Arabic diacritical marks splitting single words into two separate morphs

buqamura commented 1 week ago

Describe the bug

When ankimorphs analyzes Arabic sentences that have diacritical marks on them, it splits the word into two separate morphs. It seems like these diacritical characters are treated as "spaces" by the AnkiMorphs: Language w/ Spaces morphemizer.

Steps to reproduce the behavior

(apologies for formatting or other errors; I'm new to this)

I have many sentences in my analyzed fields that have Arabic diacritical markings. For instance, I have the sentence:

أنا بصدّقك وإحنا دايماً منقلكم "I believe you and we always say to you..."
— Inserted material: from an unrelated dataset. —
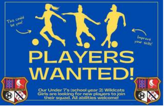
Click here for a Frome Town United FC 2024/2025 - New Player Form

When dividing this into morphs, it takes the diacritical characters as word dividers, in this case ّ and ً ... in the latter case, it is at the end of the word so it doesn't disrupt too much, but in the case of ّ this divides the word in half, resulting in the following list of morphs in the am-unknowns field; I have bolded the now non-sensical word chunks:

أنا, بصد, دايما, قك, منقلكم, وإحنا

This is obviously a problem, as now those two word fragments mean nothing.
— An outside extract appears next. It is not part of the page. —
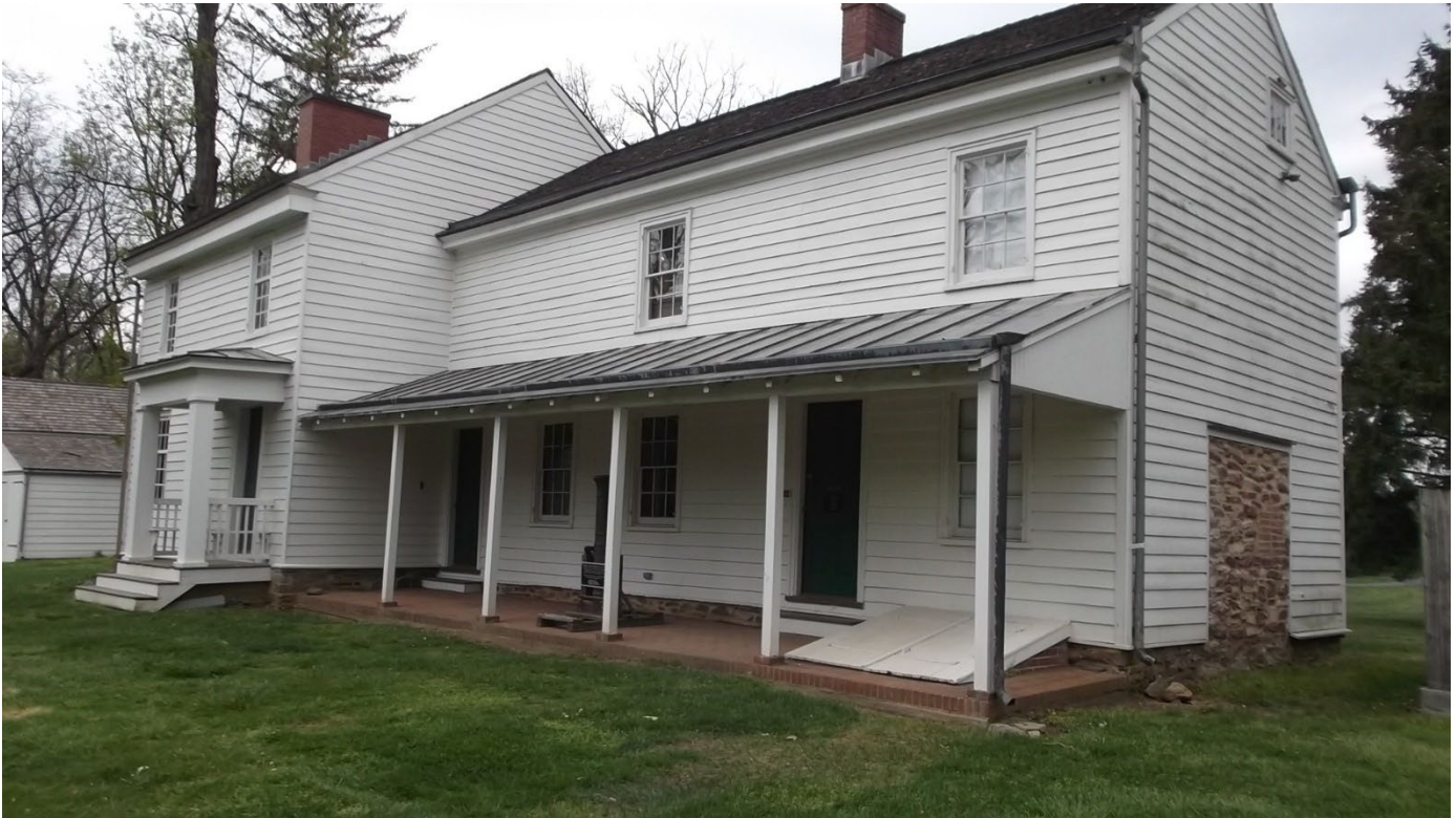
Clarke House at Princeton Battlefield State Park. An ADA accessible pathway will be required in this area. Carriage Barn in background to the left.

Here is a more dire example:

تضحك ، وتُغَمِّضُ عينيها ، وتَحْمَرُّ وَجنَتاها She laughs, and closes her eyes, and her cheeks redden

Which results in this with only 2 words left:

تاها, تضحك, جن, ح, ر, ض, عينيها, غ, م, و, وت

Expected behavior

What I had expected would happen is that words would be divided only by spaces and punctuation. So in my second example, it would have resulted in:

تضحك, وتُغَمِّضُ, عينيها, وتَحْمَرُّ, وَجنَتاها

This is what I was expecting, knowing that I was just using "spaces" and "collection frequency" since there are not (as far as I could find) any morphemizer or lemma resources for Arabic. So I knew that this would be a crude operation in the first place.
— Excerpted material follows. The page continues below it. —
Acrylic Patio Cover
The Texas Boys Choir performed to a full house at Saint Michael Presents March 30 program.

Now that I'm writing this, one possible solution to this would be to "clean" the words of any diacritical marks, which would let words with the same base spelling but different diacritical marks -- or none at all -- be grouped as the same morphs (surface forms in this case, since I don't have a morphological analyzer). That solution would result in the following:

تضحك، وتغمض، عينيها، وتحمر، وجنتاها

This solution would result in some combinations of words that are spelled with the same letters but have different pronunciations and/or meanings, so it may not be desirable for all users in all cases. Probably best to leave such things up to a morpheme/lemma document that may be created in the future.

But it seems like initially those diacritical markings should not be treated as "Spaces" to start with.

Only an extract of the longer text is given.